The non- Saudi employment contract shall be fixed and in writing. If the term is not specified in the contract, the term of the work permit shall be deemed the term of the contract.

To improve the contractual relationship between the worker and employer, to ensure the workers’ rights, and to ensure that the wages are paid as agreed upon in the employment contract.

  • A- Daily-paid workers: Their wages are paid at least once a week.

B- Monthly- paid workers: Their wages shall be paid once a month.

C- If the work is done by the piecework and requires a period of more than two weeks, the employee shall receive a payment each week commensurate with the completed portion of the work. The balance of the wage shall be paid in full during the week following delivery of the work.

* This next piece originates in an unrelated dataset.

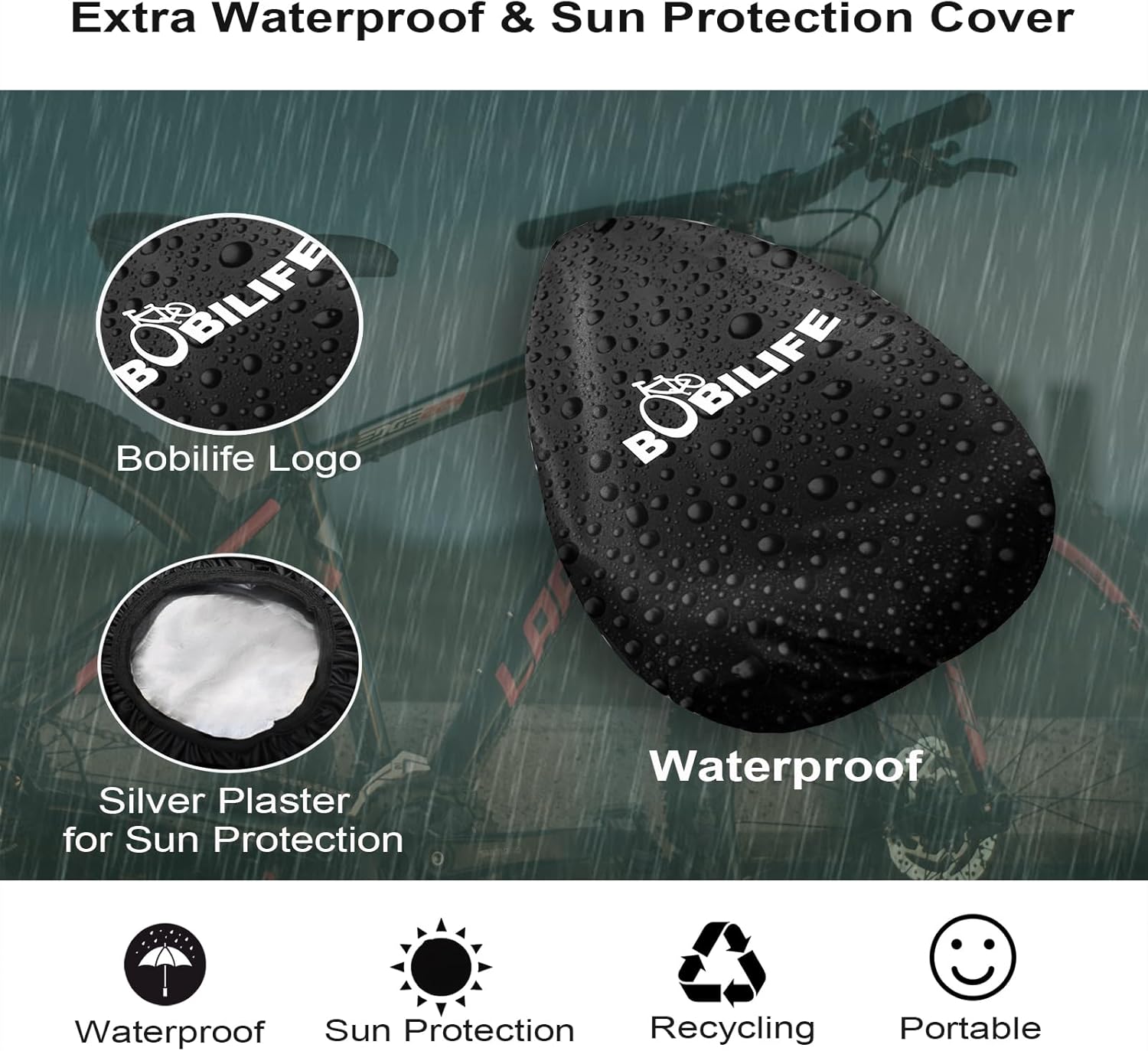 UV Protection Rainproof Cover – And with an additional Bobilife original high quality rainproof cover with the uv protection material, we can ride on the bike seat cushion cover pad directly and freely whether it is raining or sunny.

D- In other cases, the wages shall be paid to the worker at least once a week.

  • No provisions included in the Law, deeming the restructure or the financial conditions of the establishment itself to be among the cases, in which the contract is terminated, unless the contract is terminated in accordance with any of the other cases mentioned in Article (74) of the Saudi Labor Law, or is terminated by either party under Articles (80) and (81), as the case may be. If the termination is not made in accordance with any of the above-mentioned articles, the party affected by termination shall be entitled to compensation for the termination of the contract for illegal reason.
  • In accordance with Article (77) of the Saudi Labor Law, stipulating that unless the contract includes specific compensation for the termination by either party for an invalid reason, the party affected by termination shall be entitled to compensation as follows:
  1. For non-fixed term contracts: an amount equivalent to fifteen-day wage for each year of the worker’s employment.
  2. For fixed-term contracts: the wage for the remainder of the contract term.
  3. The compensation referred to in paragraphs (1) and (2) of this Article shall not be less than the worker’s wage for two months. Furthermore, the worker is entitled to end of service reward in accordance with Article (84) and to a wage for the unused leaves in accordance with Article (111) of the Saudi Labor Law.

The fixed-term contract may be terminated in the following cases:

1- If both parties agree to terminate it, provided that the worker’s consent is in writing.

2- If the term specified in the contract expires, without having the contract been explicitly renewed in accordance with the provisions of this Law, the contract shall remain valid until the expiry of its term.

4- When the worker reaches the age of retirement.

5-Force majeure.

6- Permanent closure of the firm.

7- Termination of the line of business for which the worker is employed, unless agreed otherwise.

8-Any other case provided for by any other law.

If the termination is not made in accordance with any of the above-mentioned Articles, the termination is deemed invalid. Therefore, the party affected by termination shall be entitled to compensation for the termination of the fixed- term contract before its expiry for illegal reason.

Pursuant to Article (51) of the Labor Law: The employment contract shall be executed in duplicate, one copy to be retained by each party. However, a contract shall be deemed to exist even if not written. In this case, the worker alone may establish the contract and his entitlements arising therefrom by all methods of proof. Either party may, at any time, require to write the contract. As for workers of the government and public corporations, the appointment decision or order issued by the competent authority shall serve as the contract.

  1. A fixed-term employment contract shall be terminated upon expiration of its term. If both parties continue to implement it, the contract shall be deemed to have been renewed for a non-fixed period of time, subject to the provisions of Article 37 of this Law for non-Saudi workers.
  2. If a fixed-term contract contains a clause providing for its renewal for a similar term or a specified term, the contract shall be renewed for the agreed upon period. If the contract is renewed for three consecutive terms, or if the original contract term and the renewal period amount to four years, whichever is less, and the parties continue to implement it, the contract shall become a non-fixed term contract.